## Records for this task

━━━━━━━━━━━━━━━━

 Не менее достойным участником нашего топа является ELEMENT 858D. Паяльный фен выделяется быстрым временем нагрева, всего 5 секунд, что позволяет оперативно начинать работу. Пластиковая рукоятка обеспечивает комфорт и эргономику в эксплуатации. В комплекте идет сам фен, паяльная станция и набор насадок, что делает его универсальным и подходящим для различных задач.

━━━━━━━━━━━━━━━━

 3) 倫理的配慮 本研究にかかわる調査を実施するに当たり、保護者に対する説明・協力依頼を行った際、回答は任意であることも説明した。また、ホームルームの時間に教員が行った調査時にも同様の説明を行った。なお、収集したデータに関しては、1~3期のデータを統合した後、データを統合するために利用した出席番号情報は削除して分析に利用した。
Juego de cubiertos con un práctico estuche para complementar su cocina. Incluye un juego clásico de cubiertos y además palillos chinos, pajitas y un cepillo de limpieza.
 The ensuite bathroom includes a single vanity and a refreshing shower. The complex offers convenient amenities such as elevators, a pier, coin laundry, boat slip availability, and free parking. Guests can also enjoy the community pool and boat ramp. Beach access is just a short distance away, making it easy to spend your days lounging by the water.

━━━━━━━━━━━━━━━━

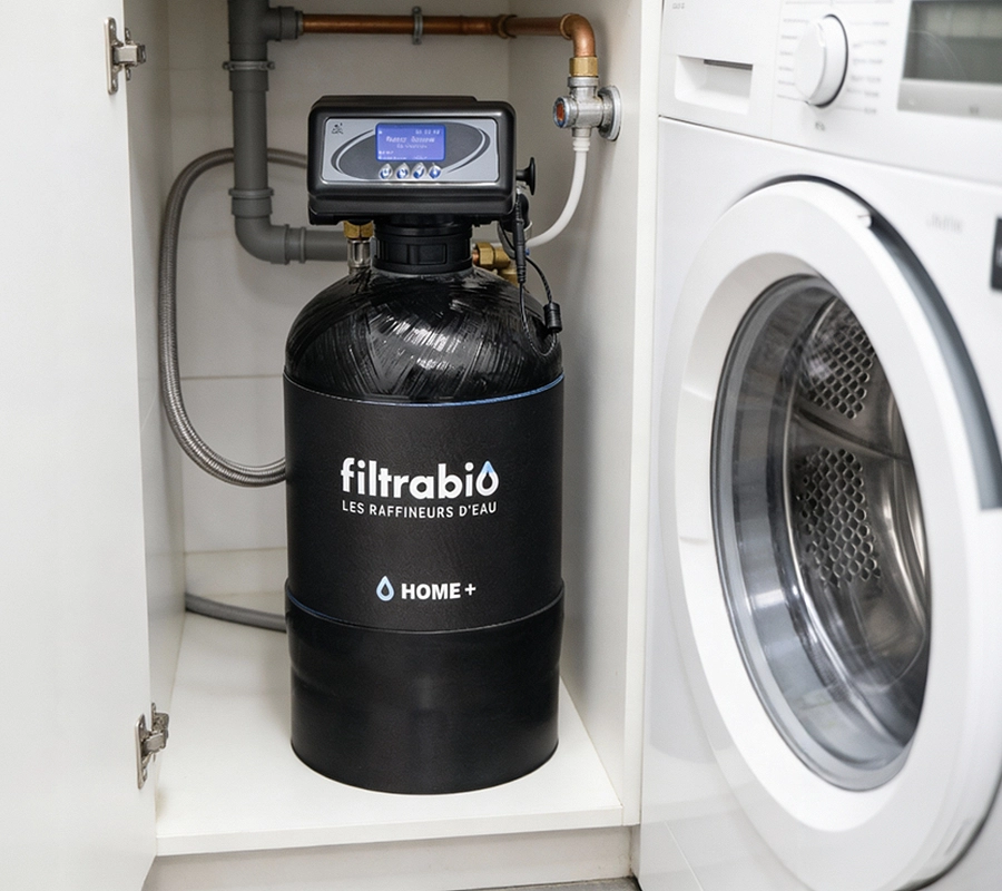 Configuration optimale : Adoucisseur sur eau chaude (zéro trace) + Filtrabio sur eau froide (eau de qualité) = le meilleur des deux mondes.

━━━━━━━━━━━━━━━━

## Requirement
In the listing above, locate the line containing "Juego de cubiertos" and the line containing "The ensuite bathroom". Extract those two lines and every line between them, exactly as written, and only those.

## Reply to the task
Juego de cubiertos con un práctico estuche para complementar su cocina. Incluye un juego clásico de cubiertos y además palillos chinos, pajitas y un cepillo de limpieza.
 The ensuite bathroom includes a single vanity and a refreshing shower. The complex offers convenient amenities such as elevators, a pier, coin laundry, boat slip availability, and free parking. Guests can also enjoy the community pool and boat ramp. Beach access is just a short distance away, making it easy to spend your days lounging by the water.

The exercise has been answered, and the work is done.